The Question To Ask Yourself When Viewing An ASR Demo

One last point on ASR and its enthusiastic marketing. I’ve hit this topic a lot in the past few weeks. I hit it a few times last year too. There is one very good way to tell that proprietary speech recognition companies haven’t hit the big leagues, and that is looking at the way they’re marketing. It’s behind closed-door demos to people who aren’t likely to know very much about technology. We know for a fact that when you have a product to sell, the giants buy in. Microsoft bought Minecraft off Notch for $2.5 billion. Have you looked at Minecraft? It’s not exactly an example of the latest and greatest technological wonder, but there’s money there, so now it belongs to Microsoft. They didn’t just buy it, they rewrote it from its Java edition to create its Bedrock edition. Another giant buy? Hopstop was a company that figured out how to give really good mass transit directions, and Apple allegedly bought them for $1 billion. That tech ended up in Apple Maps before they quietly killed Hopstop.

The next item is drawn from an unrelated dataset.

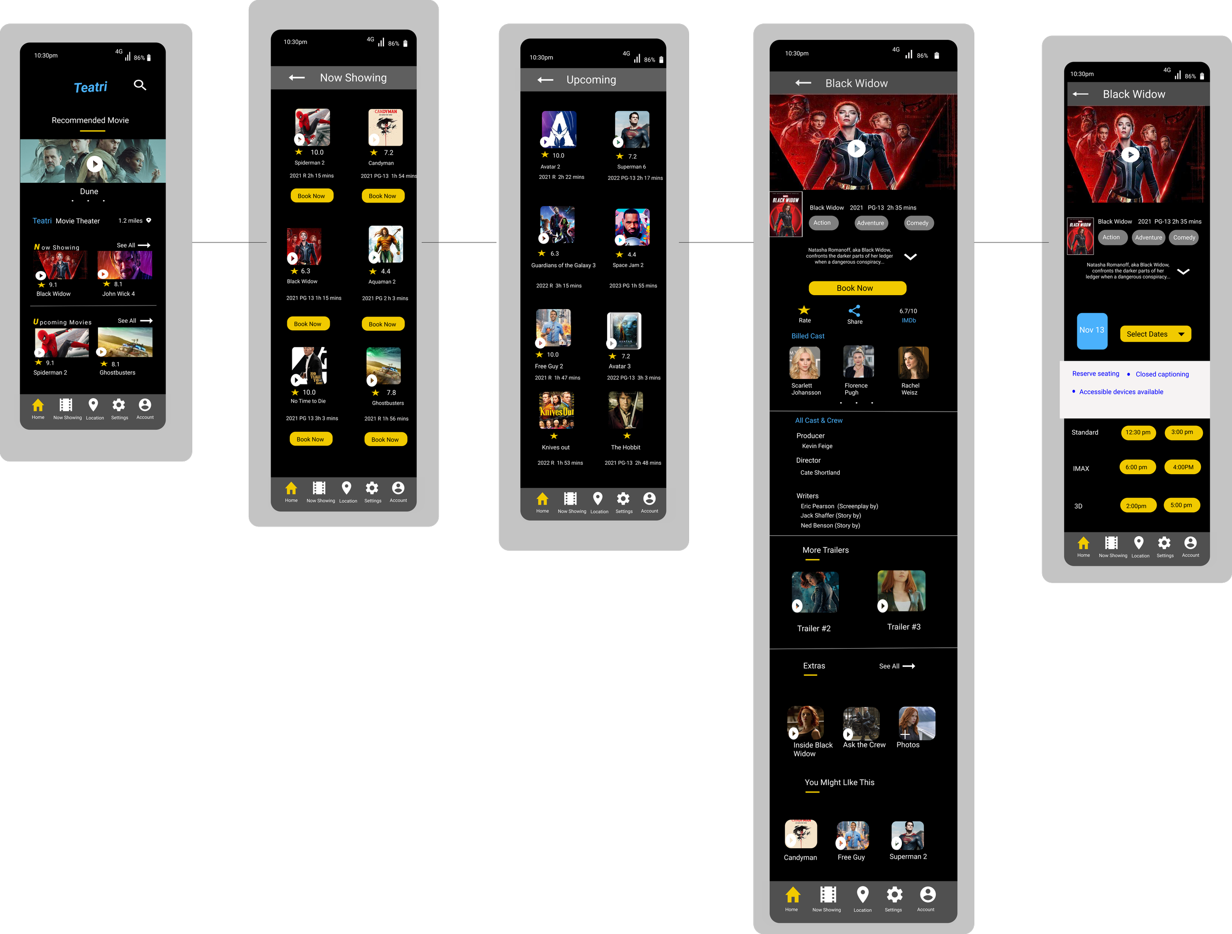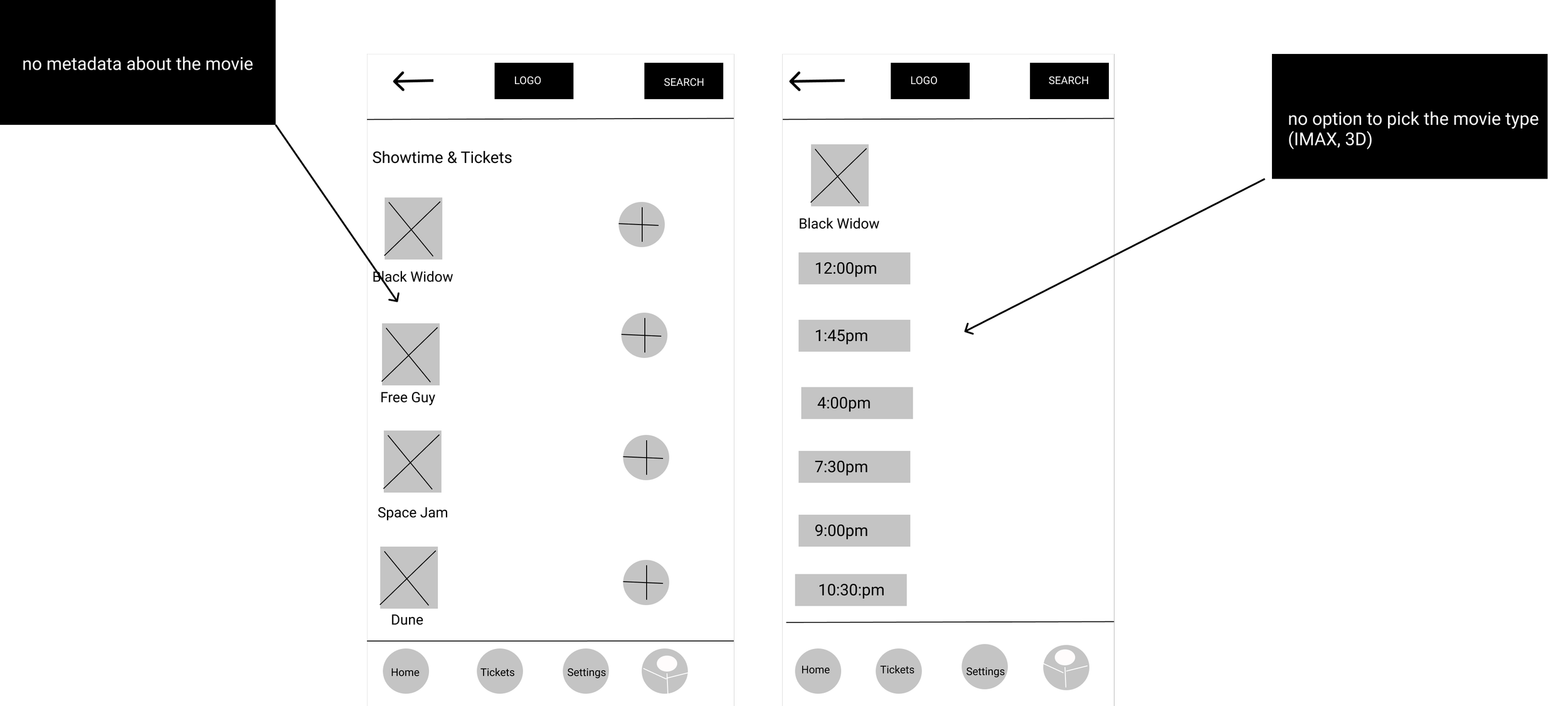 We would build out the ticket buying process which would include: choosing your seat, imputing your credit card information buying the ticket. We would also include creating a loyalty rewards section so you could rack up and redeem points if you were a loyal custome

“Thanks for the history lesson, Chris. What’s the point?” The point is when you are being told that something is wonderful, new, and that you should buy in, you have to ask yourself why it hasn’t been sold off to someone way bigger than you. With these far less impressive feats of technology being sold off for billions of dollars and tech giants willing to spend real money on promising technology, there’s a solid question as to why a company hasn’t cashed out. Alphabet’s subsidiary Deep Mind has shown a willingness to burn through half a billion dollars a year on AI research. Youtube’s automated captions fall apart whenever there’s a bit of an accent or some music in a video. Ask yourself, if you were running a company, and you had about $100 million in investor money, would you not sell out for $1 billion or $2 billion? Somebody would buy good ASR. Just ask your wife:

To be frank, Youtube’s automated captions dominate proprietary software from what I’ve seen. Voice recognition is open source. Anybody can get their hands on it. That doesn’t mean the claims behind it are true. Take, for example, this blog post, the seven best spots for open source voice recognition software. They boldly claim that it is “more cost effective as the software performs the task of speech recognition and transcription faster and more accurately than a human.” I’m sorry, but if software that is “more cost effective,” “faster and [more accurate] than a human” is available free on the internet, I’m quite sure that Google, and by extension Youtube, would have figured it out by now. As I said over a year ago, there is an indeterminate amount of time and money needed to get this tech from where it is to where people are saying it is. That won’t stop sellers from selling it to consumers or investors anyway. Similarly, we cannot stop being advocates for consumer awareness.

(P.S., you can buy the Stenonymous Blog for about $6 million.)